A Justice Department spokesperson said, "While we cannot comment on the existence, or lack thereof, of an investigation, it is certainly rich that John Brennan is accusing anyone of a 'retribution campaign.'" Brennan's lawyers argue any "eventual indictment" against him will be challenged as "unconstitutionally vindictive and selective," and they warned the loss of relevant records would "impair, perhaps fatally, the ability of the court reviewing Director Brennan's challenges to do so on the full record of contemporaneous communications and materials that is needed to divine the true intentions behind the prosecutors' decisions and actions."

Brennan's attorneys argued in the filing that the administration's recent changes to records retention depart from longstanding record-keeping practices and said officials are investigating Brennan for "phantom criminal conduct." "Given the government's questionable recent history with respect to its record preservation and other legal obligations, however, Director Brennan has a well-founded concern that those records and communications will not be preserved until such time as the court can review them for evidence of unconstitutional vindictiveness," the filing said.

A source close to Brennan said he will "vigorously challenge" any indictment the administration secures and added, "Since President Trump first entered politics, he has repeatedly singled out Director Brennan for criticism, and we believe these investigations are the latest effort to retaliate against him for his lawful conduct as CIA Director and his constitutionally protected speech. If an indictment is ever returned, Director Brennan will vigorously challenge it as the product of vindictive and selective prosecution. Today's filing seeks only to ensure that the Government preserves the evidence that will be necessary for the courts to evaluate Director Brennan's constitutional claims."

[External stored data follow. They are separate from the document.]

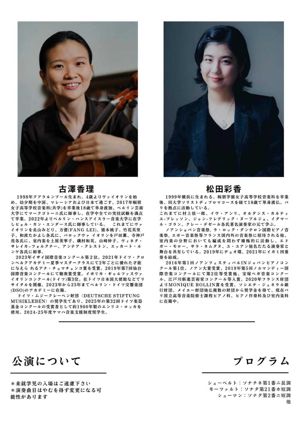 古澤香理(ヴァイオリン)、松田彩香(ピアノ)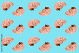 pop art poster multicolored scattered models of the human brain, seamless background, the concept of mind, intelligence, ideas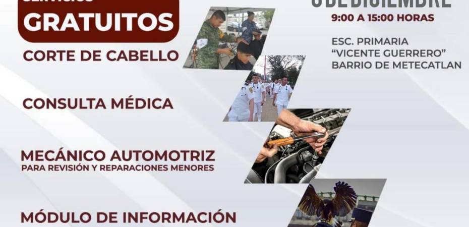 Otro de los servicios, que igualmente se ofrecerá a la población será el de cortes de cabello, tanto para adultos como para niños; el tercero de los servicios disponibles será el de revisión mecánica, y en su caso reparaciones menores a automóviles, también por parte del personal militar.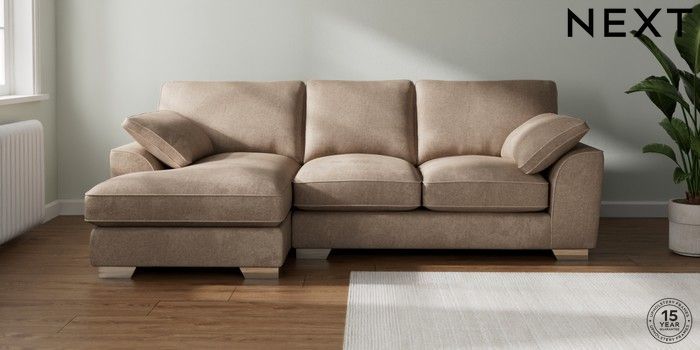 7.3.1 Buy Stamford Grand Relaxed Sit Medium Sofa Chaise - Left Hand Plush Chenille Mid Natural Large Square Angle - Chrome Metal from the Seasons online shop Click here to use our website with more accessibility support, for example screen readers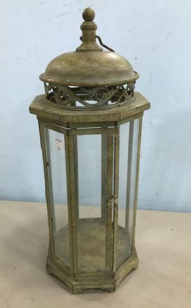 Modern Rustic Style Hanging Candle Light Fixture, glass panels, single door, 25"h Modern Rustic Style Hanging Candle Light Fixture, glass panels, single door, 25"h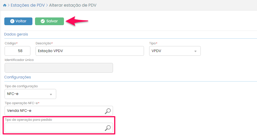 Escolha a estação onde você deseja realizar emissões de pedidos e no campo Tipo de operação para pedido selecione um tipo. Clique em Salvar.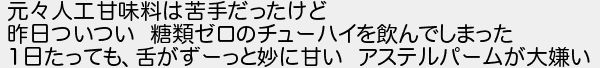 元人工甘味料は苦手だったけど 昨日ついつい 糖類ゼロのチューハイを飲んでしまった 1日たっても舌がずーっと妙に甘い アステルパームが大嫌い

Brennan's filing cites other recent court actions in which judges quashed subpoenas or led to dismissals: last week a federal judge in Minnesota quashed six grand jury subpoenas served against state and local government offices, including Gov. Tim Walz and Minneapolis Mayor Jacob Frey, ruling the subpoenas were retaliatory and unlawful; in March a federal judge in Washington, D.C. quashed a pair of grand jury subpoenas sent to the Federal Reserve Board as part of a since-closed criminal probe, finding they were a pretext to pressure Chairman Jerome Powell; and last year former FBI Director James Comey and New York Attorney General Letitia James challenged indictments on grounds of "vindictive and selective" prosecutions, though those cases were dismissed after a judge found the interim U.S. attorney who had secured the indictments had been unlawfully appointed to the role.